İçinde bulunduğumuz dönemde gün geçmiyor ki yapay zekâ (YZ) teknolojileri ile ilgili yeni bir gelişmenin veya ürünün haberleri gündemimize düşmesin. Bir tarafta otomatik yüz tanıma, hastalık teşhisi, doğal dil işleme gibi alanlarda kazanılan başarılar, diğer tarafta bu teknolojileri güncel hayatımıza sokma iddiasındaki internet devlerinin hayata geçirdiği yapay zekâ yazılımları, gündemimizi oldukça meşgul etmekte. Son dönemlerde ise ChatGPT ve benzeri metin, görsel ve hatta bilgisayar kodu üretebilen “üretken yapay zekâ” adı verilen platformlar dikkat çekmekte…
Bu gelişmelere ek olarak AB, ABD ve Çin gibi küresel güçlerin yapay zekâ alanındaki varlıklarını artırma mücadeleleri, alanı yönetmek anlamında ortaya koydukları regülatif yaklaşımlar, Birleşmiş Milletler’in (BM) Genel Sekreter Antonio Guterres koordinasyonunda hayata geçirdiği yapay zekâ danışma kurulu, ABD'de Biden'in talimatı ile hazırlanan yapay zekâ risk kararnamesi, Elon Musk gibi teknoloji liderlerinin YZ’nin getireceği potansiyel tehditlere dikkat çekmesi, bu yeni teknolojiyi daha yoğun bir şekilde gündemimize sokarken, insanlığa getirmesi beklenen derin dönüşüm noktasında da bir fikir veriyor.
YZ teknolojilerinin gelişmesi ve yaygınlık kazanmasını birçok akademisyen insanlık tarihinin önemli dönüm noktalarından biri olarak görür.

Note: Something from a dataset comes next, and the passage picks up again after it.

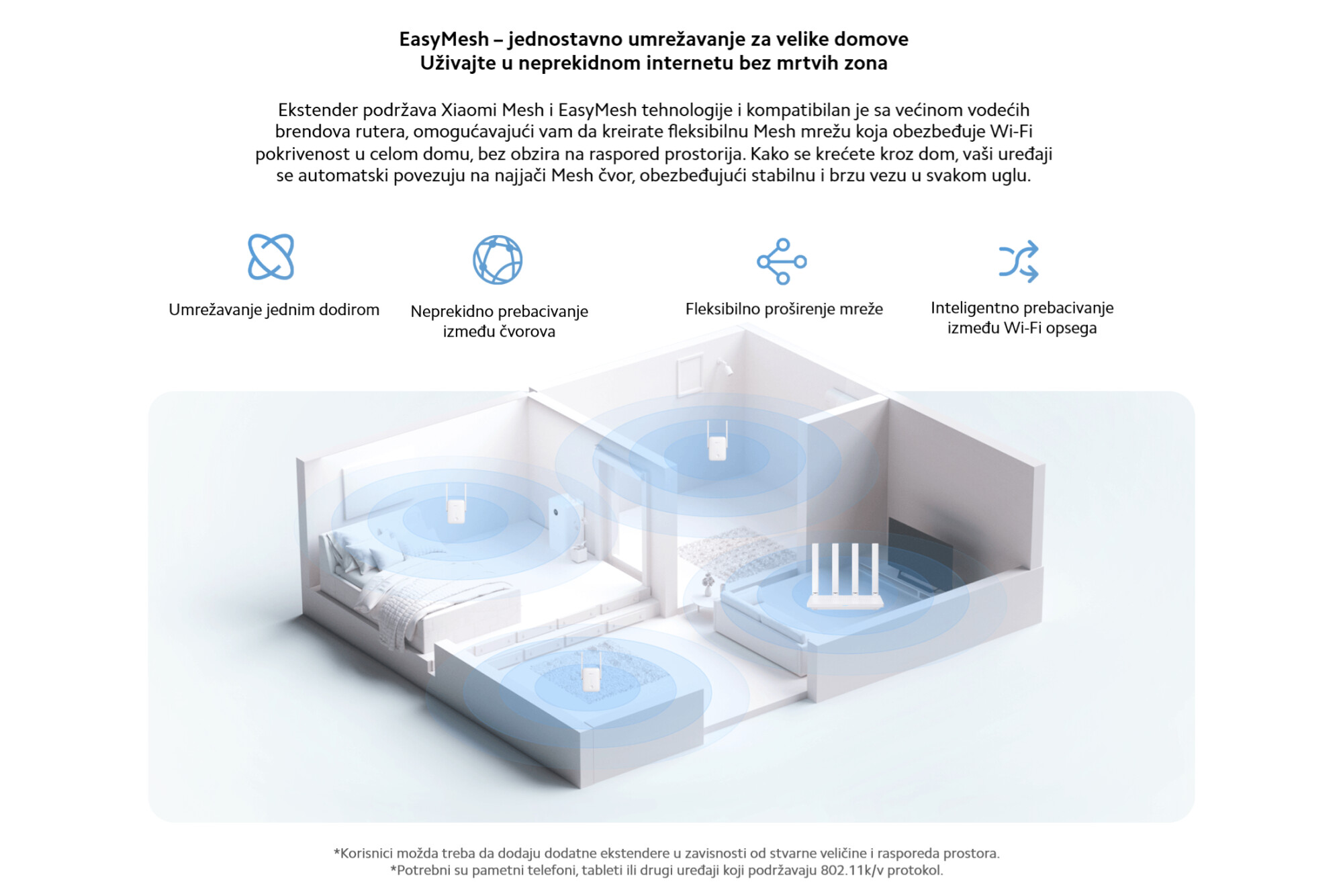 | Dodatne informacije | Aplikacija: Xiaomi Home; Režimi: - Režim proširivača dometa, Meš režim, Režim pristupne tačke (AP) |

Hepimizin malumu, insanlık tarihi boyunca yeni teknolojilerin devreye girmesi, çağlar açıp çağlar kapamıştır. YZ teknolojilerinin geliştirilmesini kimi matbaanın icadı, kimi ise elektrik akımının keşfi ile karşılaştırmakta ve YZ’nin bu tarihi sıçramalar benzeri, hatta daha köklü değişimleri tetikleyeceğini savunmaktadırlar.
Bu kapsamda, siyasetçilerin YZ gerçeğini doğru kavramaları, bu gelişmenin toplumlarda ne gibi etkiler doğuracağını vakitlice tahlil etmeleri, bu etkileri yönetmek için gerekli birikimi oluşturmaları ve toplumu bu istikamette hazırlamaları kritik önem taşımaktadır. Bu yazıda YZ alanındaki gelişmeleri, ileride yaşanabilecek siyasi tartışmalara altlık oluşturacak bir şekilde özetleyerek geleceğe dair çeşitli öngörülerde bulunacağız.
Yapay Zekâ Nedir?
Tüm bu tartışmaların merkezindeki YZ teknolojisi, tam olarak nedir, nasıl tarif edilir? YZ ve etkilerini anlamak doğrultusundaki en anlamlı başlangıç noktası, bu tanımı doğru yapmak olsa gerek.
YZ teknolojisinin şüphesiz iyi çalışılmış teknik tanımları mevcut. YZ yazılımlarının, YZ olarak tanımlanabilmesi için hangi şartları sağlamaları gerektiği birçok akademisyen tarafından farklı bakış açıları ile ortaya konmuş durumda. Bu teknik tanımlardan hareketle YZ teknolojilerini özetle şöyle tanımlayabiliriz: YZ sınıflandırma, tahmin etme ve karar alma gibi bilişsel fonksiyonlarını icra edebilmek için insan zekâsını taklit eden ve tecrübe ile kendini geliştirebilen yazılımlardır.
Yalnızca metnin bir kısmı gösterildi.